Today researchers worldwide apply the method to edit the DNA sequences of plants, animals, and laboratory cell lines, but until now it had never been used as a treatment in disease.
Sickle cell disease (SCD) is a genetic disorder caused by a mutation in both copies of a person's HBB gene which encodes for a component of hemoglobin, the oxygen-carrying protein in red blood cells. The mutation is a point mutation in the hemoglobin beta gene (HBB) found on chromosome 11. This mutation causes hemoglobin molecules to lose their round, fluffy confirmation and stick together, creating sickle-shaped red blood cells. These sickled red blood cells restrict the flow in blood vessels and limit oxygen delivery to the body’s tissues, leading to severe pain and organ damage called vaso-occlusive events (VOEs) or vaso-occlusive crises (VOCs). The recurrence of these events or crises can lead to life-threatening disabilities and/or early death.

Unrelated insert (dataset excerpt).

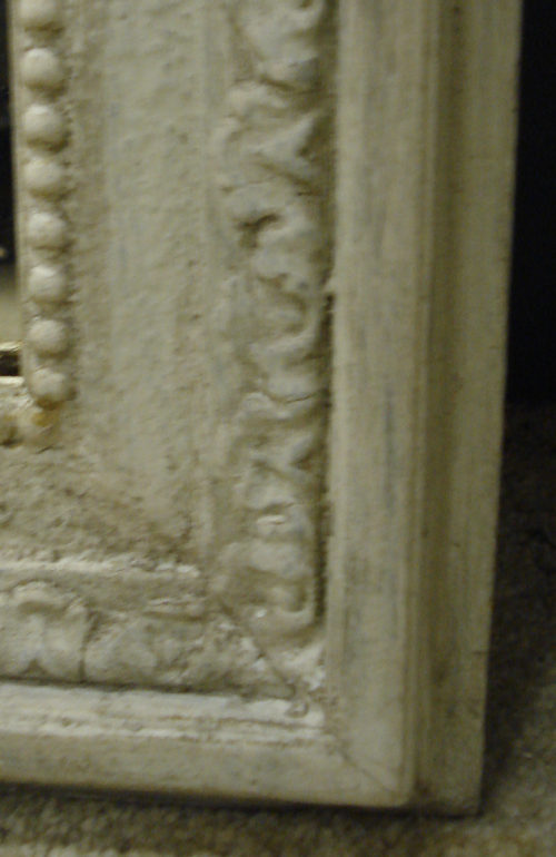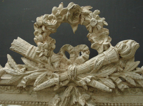 Ref 3508 - Antique French mirror - Small distressed off white painted crested mirror with swag decoration. Original lightly patinated glass and pine board back. Circa 1880.

Fetal hemoglobin (HbF), the main oxygen carrier in the fetus, is the major genetic modulator of the hematologic and clinical features of sickle cell disease. HbF genes are genetically regulated, and its production is ‘switched off’ shortly after birth. The levels of HbF and its distribution in sickle red cells is highly variable across individuals with the disease. High HbF is associated with milder but not asymptomatic disease. To protect against various complications of sickle cell disease, different concentrations of HbF have been postulated to be required, although any increment in HbF has a beneficial effect on morbidity and mortality. Higher HbF levels are associated with a reduced rate of acute painful episodes, fewer leg ulcers, less osteonecrosis, less frequent acute chest syndromes, and reduced disease severity.
CRISPR/Cas9 can be directed to cut DNA in targeted areas, enabling the ability to accurately edit (remove, add, or replace) DNA where it was cut. The modified blood stem cells are transplanted back into the patient where they engraft (attach and multiply) within the bone marrow and increase the production of HbF.

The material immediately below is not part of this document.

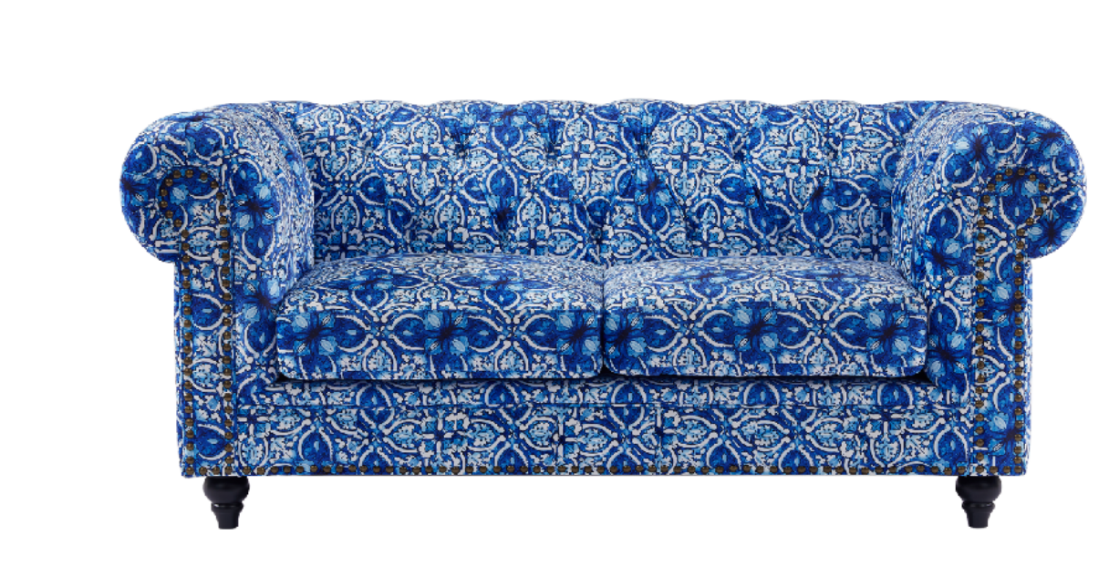 Introducing the Chesterfield Arm Chair Lounge in a stunning Blue & White Digital Print! This stylish piece of furniture is the perfect blend of comfort and sophistication, making it a standout addition to any living space. The classic chesterfield design is elevated with a modern twist, thanks to the eye-catching blue and white digital print that adds a touch of contemporary flair.

The CRISPR therapeutic Casgevy, developed by Vertex Pharmaceuticals and CRISPR Therapeutics is designed to induce production of fetal hemoglobin. It does so by disrupting expression of a gene that represses transcription of the gene encoding γ-globin, which forms the tetrameric protein along with α-globin. With Casgevy, fetal hemoglobin expression surges, but the amounts in red blood cells are still variable. In this treatment regimen, patients need to undergo blood transfusions for two months before cell mobilization and then two rounds of mobilization and apheresis. (In β-thalassemia, in contrast, no pre-treatment transfusions are needed, and a single round of mobilization and apheresis usually suffices.) To make room for the edited cells, patients also need to undergo busulfan-based myeloablative preconditioning, which is highly toxic.

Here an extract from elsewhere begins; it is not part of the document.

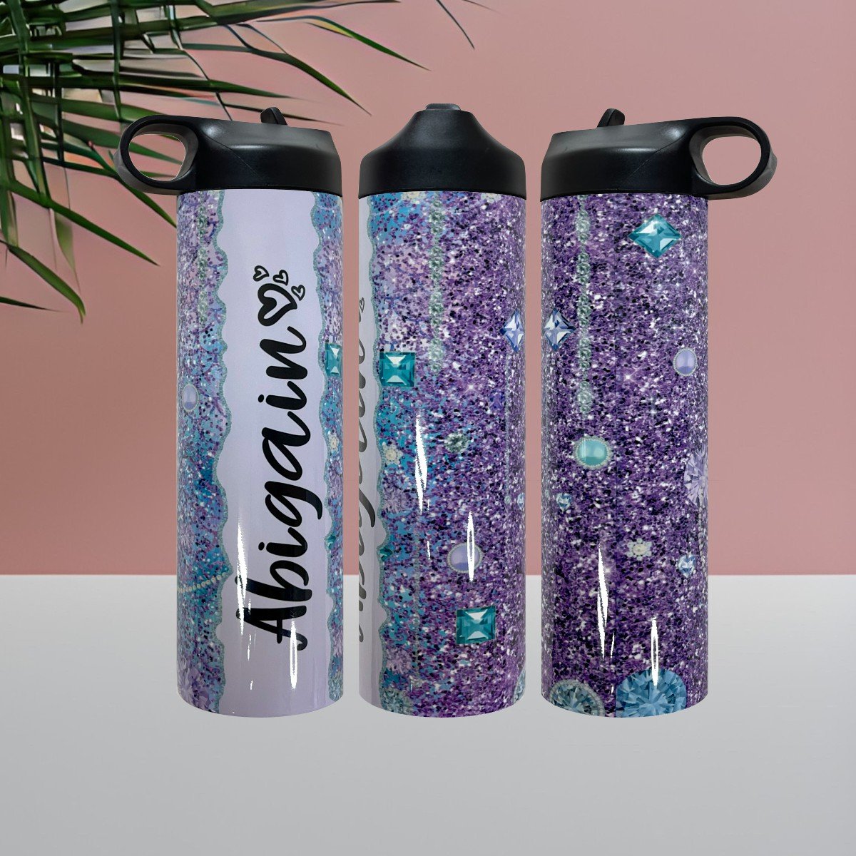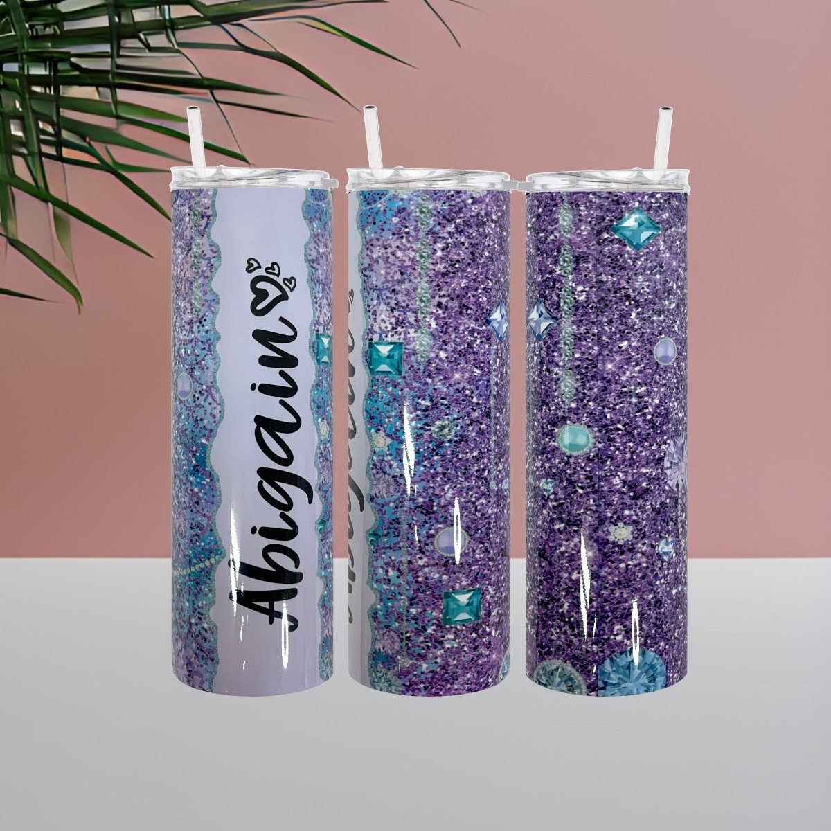 Purple glitter and gems skillfully crafted using sublimation print method on a double wall insulated stainless straight tumbler with a glossy finish.

The arrival of this revolutionary gene therapeutic comes as a breath of fresh air to the sickle cell community. It may not make any real difference to a number of patients who live in countries where this therapeutic is not available, but it does present hope for the future as regards the sickle cell pipeline and research opportunities.
Marie Ojiambo is a Senior Scientific Associate at Charles River Laboratories. She is also a patient living with sickle cell disease.